C’est au SEL que, l’an dernier, Florence Provost et Maria Giovanna Gilotta ont organisé une vaste rétrospective consacrée à Arthur Djoroukhian, qu’elles accompagnent depuis dix ans. « Nous avons vocation à suivre les artistes sur la durée, et c’est bien sûr aussi intéressant pour le public. Entre les artistes eux-mêmes naît une forme d’émulation : ils se connaissent, se reconnaissent, et élargissent le cercle. Il n’est pas rare de les voir à des vernissages qui ne les concernent pas. »

Pascal Frament, Enversée

Pascal Frament, Enversée

Suivre un artiste. L’encourager à chercher, discuter, l’orienter, l’aider. Avec une devise : « Le sens passe par le temps. » Le galeriste apparaît comme un interlocuteur privilégié, avec qui se tissent des liens de confiance.

Les anecdotes sont multiples, on retient celle de l’entrée de Pascal Frament dans le cercle. « Par une nuit d’hiver, il avait neigé et nous avions rendez-vous chez un collectionneur pour un accrochage. Celui-ci nous avait averties qu’un vidéaste serait présent pour filmer l’arrivée de l’œuvre. Mais les intempéries l’ont retardé. Quand nous nous sommes présentées, l’artiste n’était pas là, mais dans l’entrée du collectionneur, il y avait une installation vidéo saisissante. Elle était l’œuvre de ce vidéaste, Pascal Frament. » Lorsque ce dernier arrive, la conversation s’engage. Il a toujours rêvé de se mettre à la peinture, tout en redoutant de s’y absorber. Elles vont l’y encourager. Et un jour, au bout d’un an, lui dire : « Ça y est Pascal, tu es prêt ! On t’expose. »

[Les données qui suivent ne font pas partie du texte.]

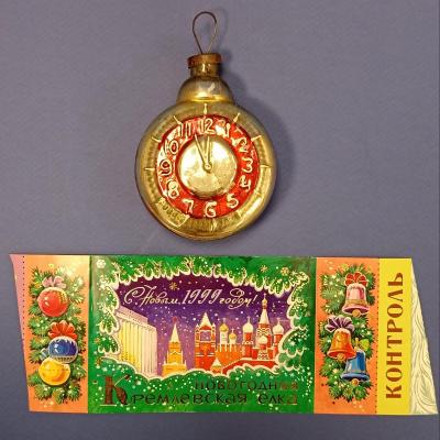 Фото: Ёлочная игрушка для украшения общественных ёлок. Из коллекции Ирины Аркадьевой. Приглашение на кремлёвскую новогоднюю ёлку 1999 гг. Архив Президентского центра Б. Н. Ельцина

Les surprises de l’expo anniversaire

Fernando Cometto, No perdere la silla

Fernando Cometto, No perdere la silla

Pour l’exposition anniversaire, 22 artistes contribuent avec des œuvres emblématiques. Des historiques, comme Katrin Bremermann et ses papiers collés, ou Christophe Goutal est ses installations un rien provocatrices. Et des retrouvailles, à l’instar de Fernando Cometto, dont les multitudes sud-américaines marquent l’entrée de l’exposition. Avec l’audace qui les caractérise, les galeristes ont décidé de faire dialoguer ces œuvres avec… des fauteuils design. Moins incongru qu’il n’y paraît. « Nous avons organisé notre première exposition chez Camille Burgi, un antiquaire spécialisé en mobilier XVIIIème, près de Drouot. Il était ravi, lançant ‘On voit enfin mes commodes !’ » L’idée, dix ans plus tard, est un peu la même. « Un fauteuil, c’est un meuble de la maison. On s’y assoit pour regarder, une étape essentielle lorsque une œuvre arrive chez soi. » Pierre-Christophe Prot, de l’agence Pise, a ainsi sélectionné 15 fauteuils design qui jalonnent l’espace, en écho aux œuvres.

Ces fauteuils sont aussi le fruit de l’observation des galeristes : « Les gens ont plaisir à passer du temps ici. Plus les temps sont durs, plus l’art est nécessaire. Nos artistes traitent de l’actualité à leur façon, c’est évident. Mais ce faisant, ils nous permettent de rester en lien avec la beauté. Quand on ressort de la galerie, on a la tête remplie d’autre chose. » Exit…

Nos premiers 10 ans, jusqu’au 8 octobre à la galerie.